[Bug] Panic and crashloop

graphprotocol / graph-node

Graph Node indexes data from blockchains such as Ethereum and serves it over GraphQL

https://thegraph.com

Apache License 2.0

2.89k stars 962 forks source link

[Bug] Panic and crashloop #5234

Open paymog opened 6 months ago

paymog commented 6 months ago

Bug report

One of our indexers suddenly started crashing with the following. We're not sure why.

Relevant log output

thread 'tokio-runtime-worker' panicked at 'failed to parse mappings: Bad magic number (at offset 0)', chain/ethereum/src/capabilities.rs:62:22
note: run with `RUST_BACKTRACE=1` environment variable to display a backtrace
Feb 22 16:50:34.867 INFO Data source count at start: 2, sgd: 42628, subgraph_id: QmQ4pbd8UFcipKr5z3cYukp6kCj6pYRDYmQv2JYrcLQDBo, component: SubgraphInstanceManager
Panic in tokio task, aborting!

IPFS hash

No response

Subgraph name or link to explorer

No response

Some information to help us out

[ ] Tick this box if this bug is caused by a regression found in the latest release.
[ ] Tick this box if this bug is specific to the hosted service.
[X] I have searched the issue tracker to make sure this issue is not a duplicate.

OS information

None

paymog commented 6 months ago

Added RUST_BACKTRACE=1 and now I see the following (the logs are actually messier and I tried to clean them up)

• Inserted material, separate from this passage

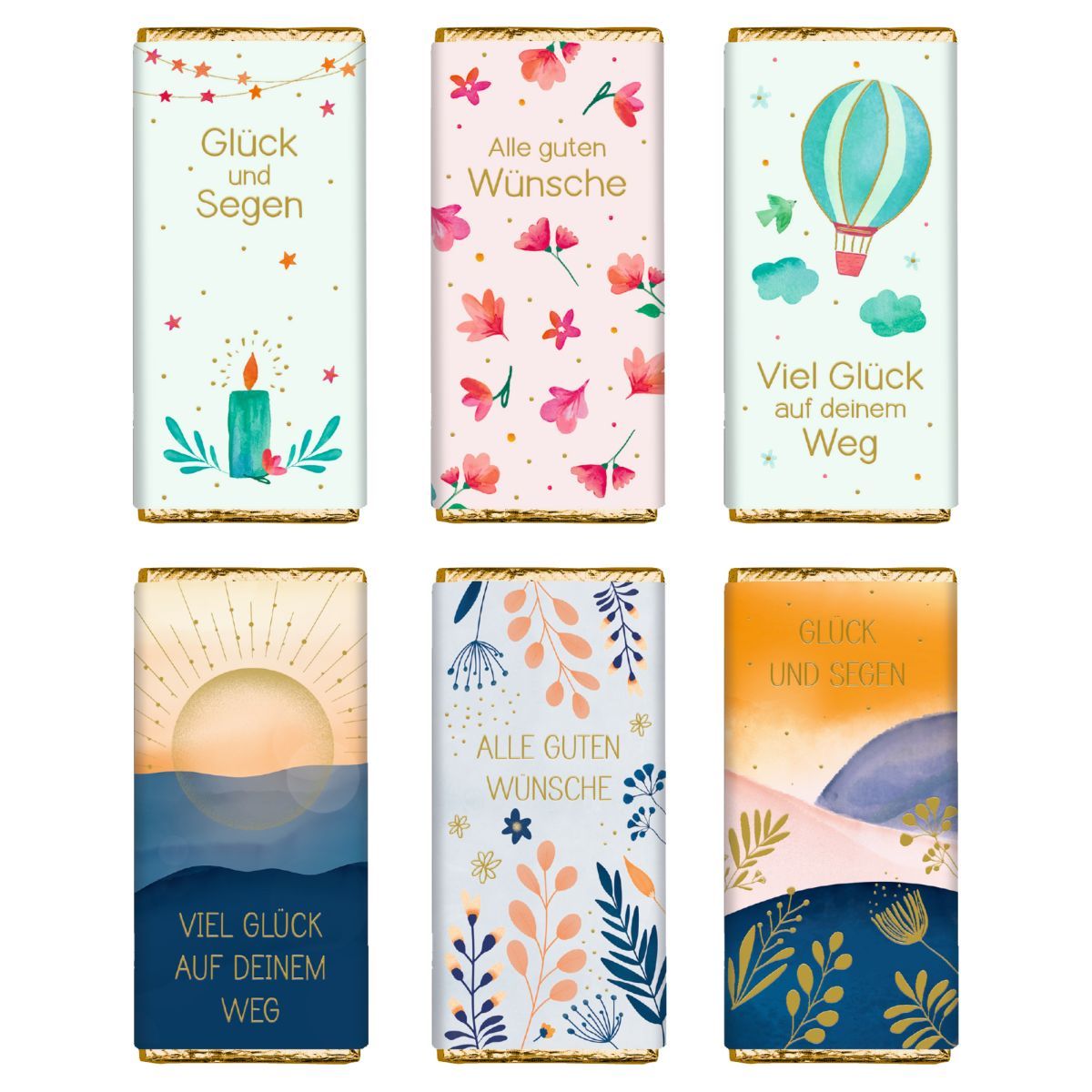 Schokolade, die von Herzen kommt 30 g feinste Vollmilchschokolade: Für kleine Genießer mit großem Geschmack Liebevolle Gestaltung: Mit Glücks- und Segenswünschen auf stilvollen Banderolen In sechs hübschen Designs: Für jeden Anlass das passende Motiv Süßer Gruß: Ideal zur Taufe, Kommunion, Geburtstag oder als Mitbringsel Kleines Geschenk mit Bedeutung: Für Kinder und Erwachsene gleichermaßen Diese feine 30g Vollmilchschokolade ist nicht nur ein Genuss, sondern auch eine liebevolle Geste: Die stilvoll gestalteten Banderolen sind mit Glück- und Segenswünschen versehen und machen jede Tafel zu einem kleinen Botschafter der Freude. In sechs bezaubernden Designs erhältlich, eignet sie sich als süßer Gruß zu vielen Anlässen – von der Taufe bis zum Geburtstag, vom Abschied bis zum Dankeschön..

tokio-runtime-worker' panicked at 'failed to parse mappings: Bad magic number (at offset 0), ', sgdchain/ethereum/src/capabilities.rs: :4262862, backtrace:

   0: rust_begin_unwind
   1: core::panicking::panic_fmt
   2: core::result::unwrap_failed
   3: graph_core::subgraph::instance_manager::SubgraphInstanceManager<S>::build_subgraph_runner::{{closure}}
   4: <core::panic::unwind_safe::AssertUnwindSafe<F> as core::ops::function::FnOnce<()>>::call_once
   5: tokio::runtime::task::core::Feb 22 16:57:38.576Core< TDEBG, S>tokio::runtime::task::raw::poll
   7: tokio::runtime::scheduler::multi_thread::worker::Context::run_task
   8: tokio::runtime::scheduler::multi_thread::worker::run
   9: tokio::runtime::task::raw::poll
  10: tokio::runtime::task::UnownedTask<S>::run
note: Some details are omitted, run with `RUST_BACKTRACE=full` for a verbose backtrace.
Panic in tokio task, aborting!

azf20 commented 6 months ago

hey @paymog is this specific to this subgraph QmQ4pbd8UFcipKr5z3cYukp6kCj6pYRDYmQv2JYrcLQDBo or do you see this on multiple deployments?

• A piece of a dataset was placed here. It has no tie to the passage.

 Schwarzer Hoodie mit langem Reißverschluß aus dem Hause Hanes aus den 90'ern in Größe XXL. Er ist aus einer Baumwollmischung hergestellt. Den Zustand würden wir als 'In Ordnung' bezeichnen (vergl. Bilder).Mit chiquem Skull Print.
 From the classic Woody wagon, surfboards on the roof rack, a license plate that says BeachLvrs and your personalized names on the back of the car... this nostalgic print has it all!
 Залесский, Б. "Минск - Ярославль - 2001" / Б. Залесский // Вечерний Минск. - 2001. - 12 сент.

paymog commented 6 months ago

turns out this happened because an unbuilt subgraph was deployed into our infra. We mitigated by removing the invalid subgraph. It would be good if graph node could just kill the particular instance manager thread instead of the whole process.

I can't quite remember which ipfs hash was causing the issue - it may have been that one or a different one.

lutter commented 6 months ago

What does 'unbuilt subgraph' mean here? Does that mean AssemblyScript was deployed instead of WASM blobs?

paymog commented 6 months ago

Yup! The subgraph was uploaded without first running graph build so it was assembly script .ts files) and not wasm

lutter commented 6 months ago

Wild. Is there maybe a bug in graph-cli that deployed assembly script sources? Also, I don't recognize the sgdchain/ethereum/src/capabilities.rs file name in the graph-node sources. Is this crashloop happening in vanilla graph-node?

paymog commented 6 months ago

The subgraph wasn't uploaded using the graph cli, it was uploaded using a customer CLI tool. Whoops, I probably didn't clean up the logs perfect, I think the sgd prefix on the path is incorrect. I think the right path is chain/ethereum/src/capabilities.rs. Yup, the crash loop is happening in vanilla v0.34.0

github-actions[bot] commented 3 days ago

Looks like this issue has been open for 6 months with no activity. Is it still relevant? If not, please remember to close it.